Try to have a relaxing weekend - if you can - take your 4 legged friend out for walkies - a glass or two  - meal out  - bubble bath  - massage  - anything to place you in the right frame of mind for Monday, take care my friend xxx
WL


----------



## Bubbsie (Apr 21, 2017)

Hazel said:


> I think it must be the Scottish health service.
> My DSN gave me 2 new meters, GP prescribed 300 strips every 8 weeks.
> 
> Ok I am T2 on insulin and tablets - but my care is first class.
> ...


Hazel...thank you so much for your support...it means a lot...however...I think you may have missed the point...or rather I have not explained myself adequately...T 2's not on medication that could cause a hypoglycaemic episode are routinely denied testing meters/strips on prescription... no doubt as a long term... experienced member of this forum...you will be aware the excuses given can a be as arbitrary as...too emotional...would become obsessive...etc...there is as far as I can ascertain no particular advantage to being in the Scottish health system in this respect...since you are on insulin you would be entitled to a glucose meter & testing strips automatically (the risk of hypoglycaemia )...whether in Scotland...or any other part of The United Kingdom...the driving issue is not relevant to...not to my advantage...since I use Metformin only...this would not be considered a medication that gives cause for concern with hypoglycaemia...as far as I am aware...thank you...good try Hazel...back to the drawing board for me...but I have done my homework...prepared for my appointment on Monday...so we shall see...enjoy your weekend.


----------



## Bubbsie (Apr 21, 2017)

wirralass said:


> ****Gggrrrrrrrrrrrrrrrrrrrrrrrrrrrrrrrrrrrrrrrrrr!  You shouldn't have to be going through all this stress and turmoil Bubbsie  - I'm absolutely enraged at how you are being treated by certain individuals -  you're not a child  - how dare they  - don that Bubbsie grit on Monday and give that DSN what for  - try to remain calm tho hun  - I am perplexed that all this is happening following your discussion with your GP when he nodded his agreement  - truly amazing to say the least!!!
> Try to have a relaxing weekend - if you can - take your 4 legged friend out for walkies - a glass or two  - meal out  - bubble bath  - massage  - anything to place you in the right frame of mind for Monday, take care my friend xxx
> WL


Blimey WL...you scared the life out of me there...right that's it...you're coming with me on Monday...I insist...she'll be terrified...made me laugh WL...thank you so much...prepared for her...will have my work head on...we shall see what happens...take care of yourself...chase up those results...enjoy your weekend.


----------



## Wirrallass (Apr 21, 2017)

Bubbsie said:


> Blimey WL...you scared the life out of me there...right that's it...you're coming with me on Monday...I insist...she'll be terrified...made me laugh WL...thank you so much...prepared for her...will have my work head on...we shall see what happens...take care of yourself...chase up those results...enjoy your weekend.


Thank you Bubbsie  - will do  - and you too  - will await to hear from you with a full report as to your meeting on Monday!!!x


----------



## Ralph-YK (Apr 21, 2017)

Bubbsie said:


> since you are on insulin you would be entitled to a glucose meter & testing strips automatically (the risk of hypoglycaemia )...whether in Scotland...or any other part of The United Kingdom.


I've met people on insulin who were not self test, knew nothing about it and didn't have a meter or strips.


----------



## Bubbsie (Apr 21, 2017)

Hazel said:


> Bubbs indeed I did not miss the point I merely wanted to point out that there are great DSNs out there and helpful GPs.     Yes I am vexed that you are having such a tough time, and I do wish you well.
> 
> I have not always been on insulin and I did get test strips on prescription from day one when only on Metformin, so no, I did not miss the point


Really Hazel...that was not a personal attack on you...read the post again...where on earth are you coming from?...please I have enough to deal with...without this...really.


----------



## mikeyB (Apr 22, 2017)

We don't have CCGs in Scotland.
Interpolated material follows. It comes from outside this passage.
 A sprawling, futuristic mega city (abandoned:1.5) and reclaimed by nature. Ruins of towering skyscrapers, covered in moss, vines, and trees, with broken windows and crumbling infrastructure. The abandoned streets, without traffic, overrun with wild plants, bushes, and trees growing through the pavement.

Fewer people to fight, fewer people getting paid out of NHS money just to be obstructive. The NHS in Scotland seems to work perfectly well without.

Just as an observation, seeing a DSN 8 miles away is luxury. Mine is a ferry ride away, so a minimum of 5 hours there and back including the appointment. Could be worse I suppose. If I lived on Barra, that would be 10 hours there and back. There's always somebody worse off.


----------



## Wirrallass (Apr 22, 2017)

mikeyB said:


> We don't have CCGs in Scotland. Fewer people to fight, fewer people getting paid out of NHS money just to be obstructive. The NHS in Scotland seems to work perfectly well without.
> 
> Just as an observation, seeing a DSN 8 miles away is luxury. Mine is a ferry ride away, so a minimum of 5 hours there and back including the appointment. Could be worse I suppose. If I lived on Barra, that would be 10 hours there and back. There's always somebody worse off.


Hey Mike you still awake? wouldn't it easier for your DSN to visit you  - that's a hell of a long day for you isn't it? WL


----------



## mikeyB (Apr 22, 2017)

The DSN is visiting Oban, from Paisley. That's as good as it gets. I really don't mind, it's just second nature to get in a ferry, part of life.


----------



## Bubbsie (Apr 23, 2017)

mikeyB said:


> We don't have CCGs in Scotland. Fewer people to fight, fewer people getting paid out of NHS money just to be obstructive. The NHS in Scotland seems to work perfectly well without.
> 
> Just as an observation, seeing a DSN 8 miles away is luxury. Mine is a ferry ride away, so a minimum of 5 hours there and back including the appointment. Could be worse I suppose. If I lived on Barra, that would be 10 hours there and back. There's always somebody worse off.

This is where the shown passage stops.